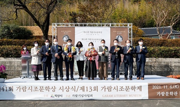 제41회 가람시조문학상 시상식 및 제13회 가람시조문학제가 6일 가람문학관에서 정헌율 익산시장, 유재구 시의장을 비롯한 가람 선생 유족, 이정환 한국시조시인협회 이사장 등이 참석한 가운데 열렸다.
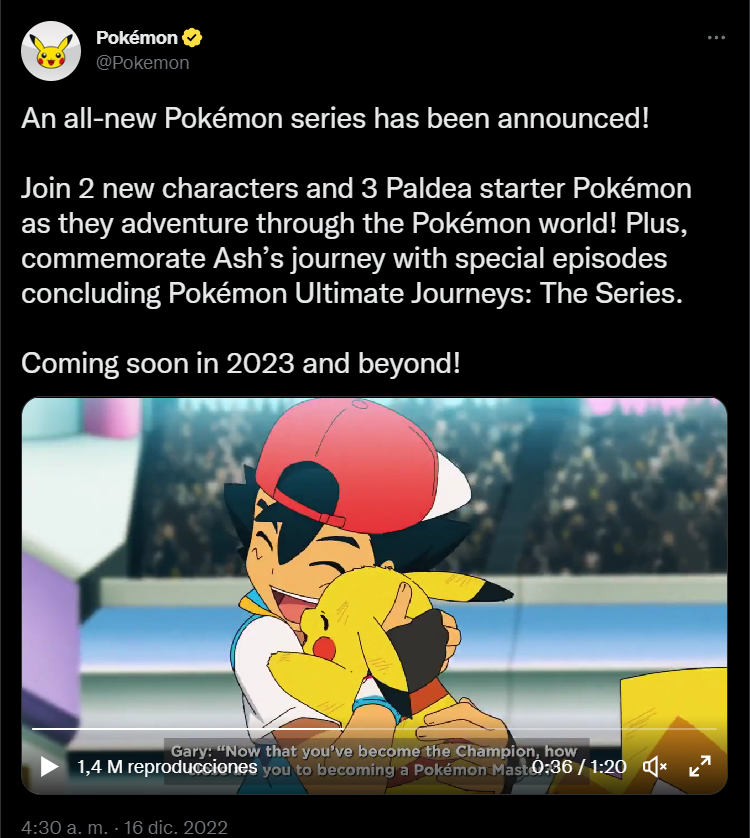 “Se ha anunciado una nueva serie Pokémon! Únete a 2 nuevos personajes y 3 Pokémon iniciales de Paldea en su aventura por el mundo Pokémon. Además, conmemora el viaje de Ash con episodios especiales que cierran Pokémon Ultimate Journeys: La serie. ¡Próximamente en 2023 y más allá!”, puede leerse en la publicación que va rumbo a las cien mil interacciones.
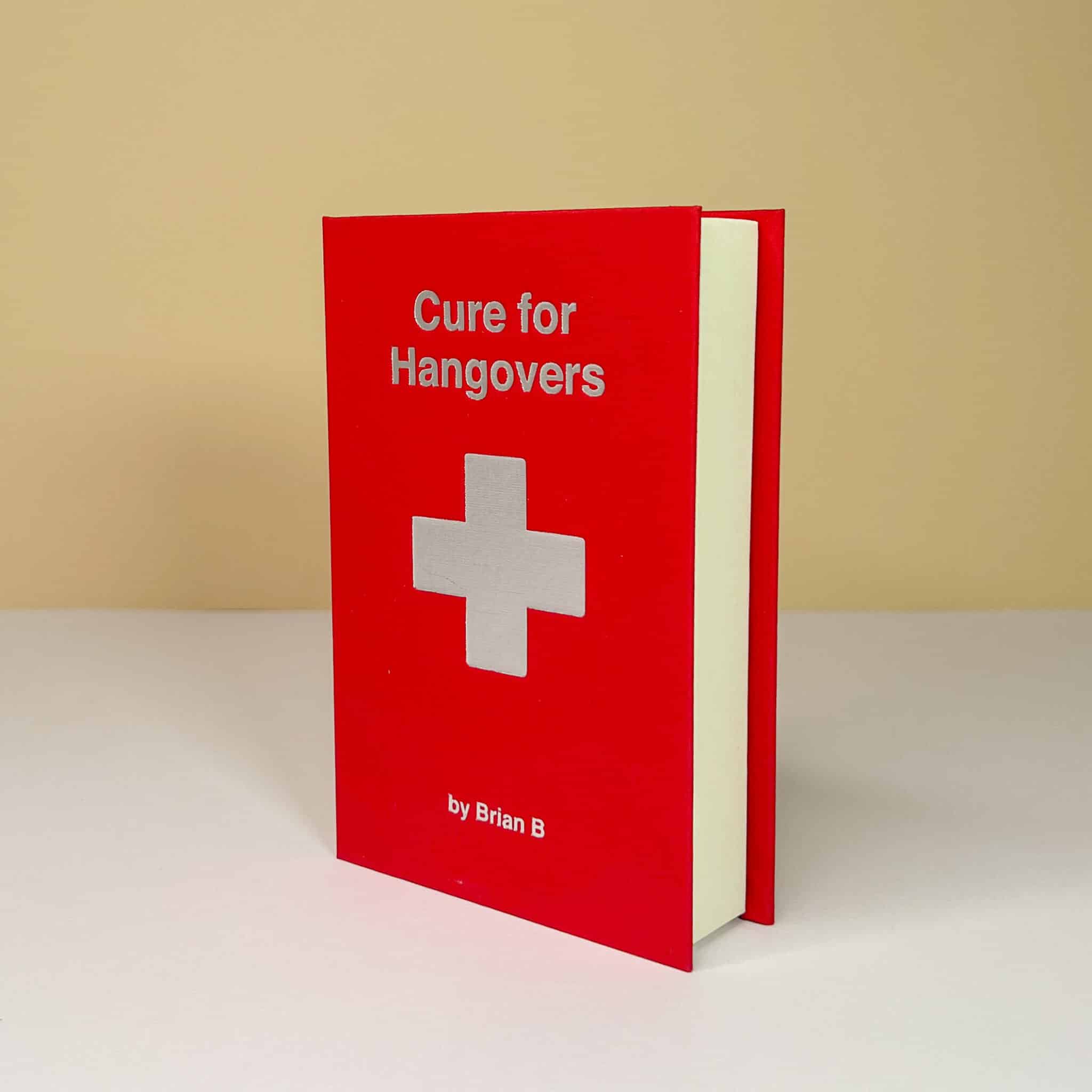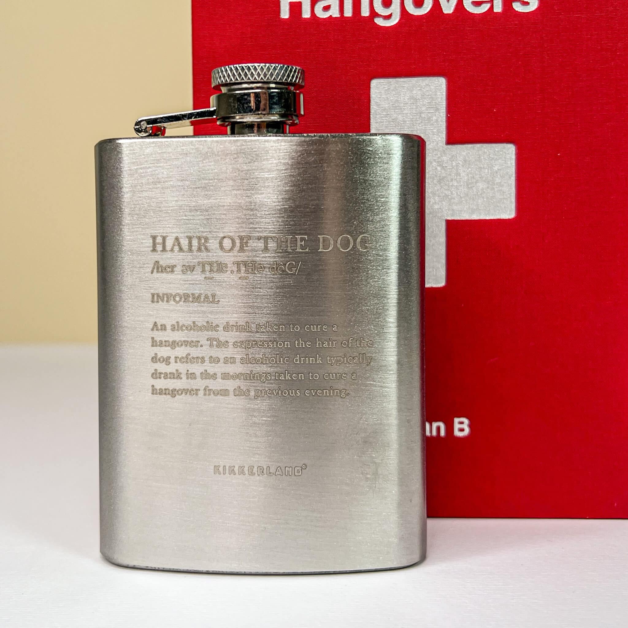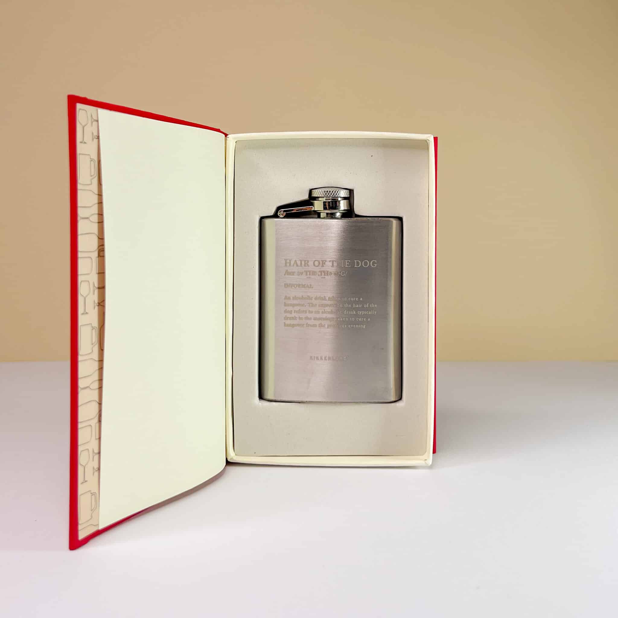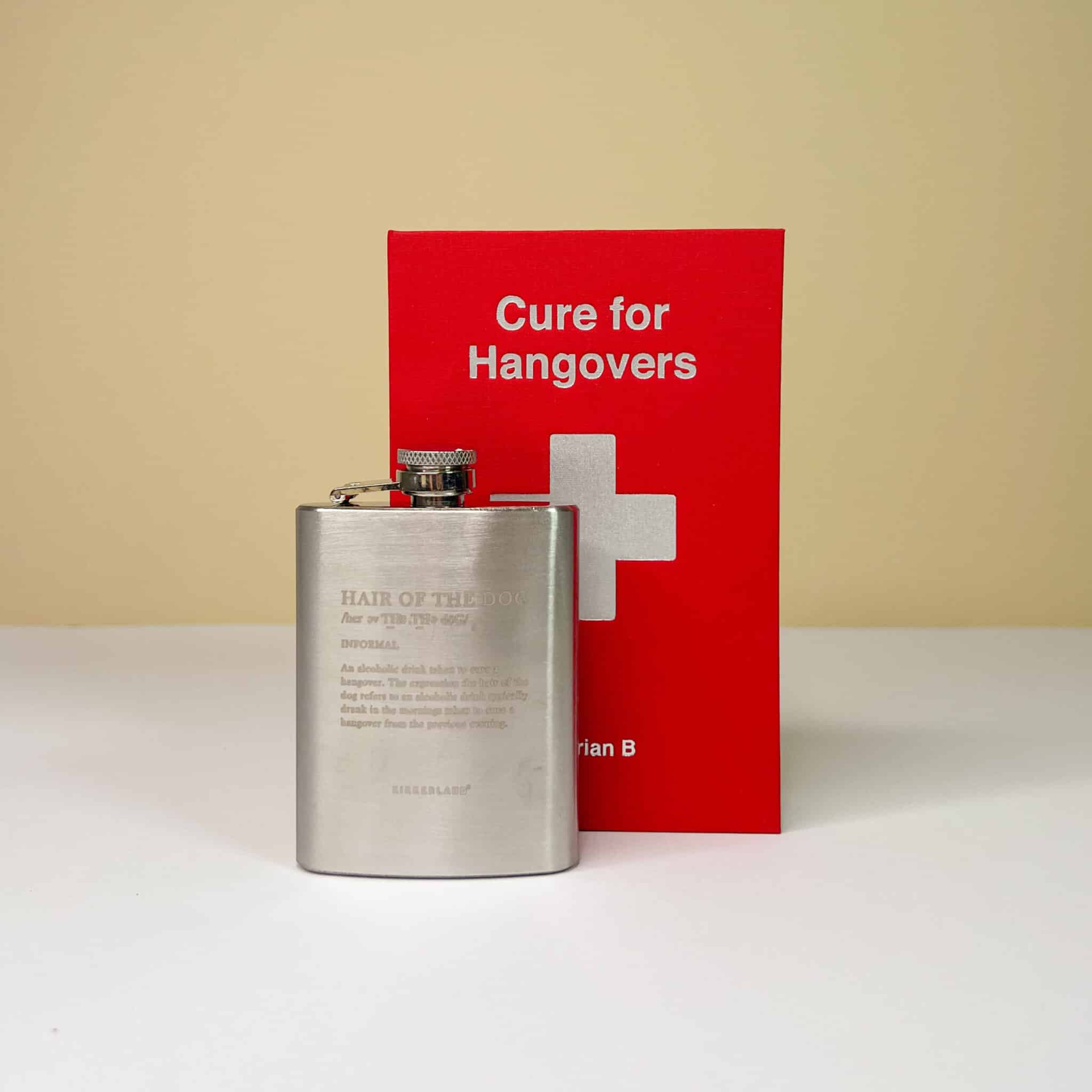 Fiaschetta Hangover: finto libricino rosso cassetta del pronto soccorso con all’interno una fiaschetta in acciaio con frase ironica divertente contro il post sbornia.

※

* [Problem statement] Leave out the pictures and reproduce the rest of the listing exactly.

* [Task answer]
 제41회 가람시조문학상 시상식 및 제13회 가람시조문학제가 6일 가람문학관에서 정헌율 익산시장, 유재구 시의장을 비롯한 가람 선생 유족, 이정환 한국시조시인협회 이사장 등이 참석한 가운데 열렸다.
 “Se ha anunciado una nueva serie Pokémon! Únete a 2 nuevos personajes y 3 Pokémon iniciales de Paldea en su aventura por el mundo Pokémon. Además, conmemora el viaje de Ash con episodios especiales que cierran Pokémon Ultimate Journeys: La serie. ¡Próximamente en 2023 y más allá!”, puede leerse en la publicación que va rumbo a las cien mil interacciones.
 Fiaschetta Hangover: finto libricino rosso cassetta del pronto soccorso con all’interno una fiaschetta in acciaio con frase ironica divertente contro il post sbornia.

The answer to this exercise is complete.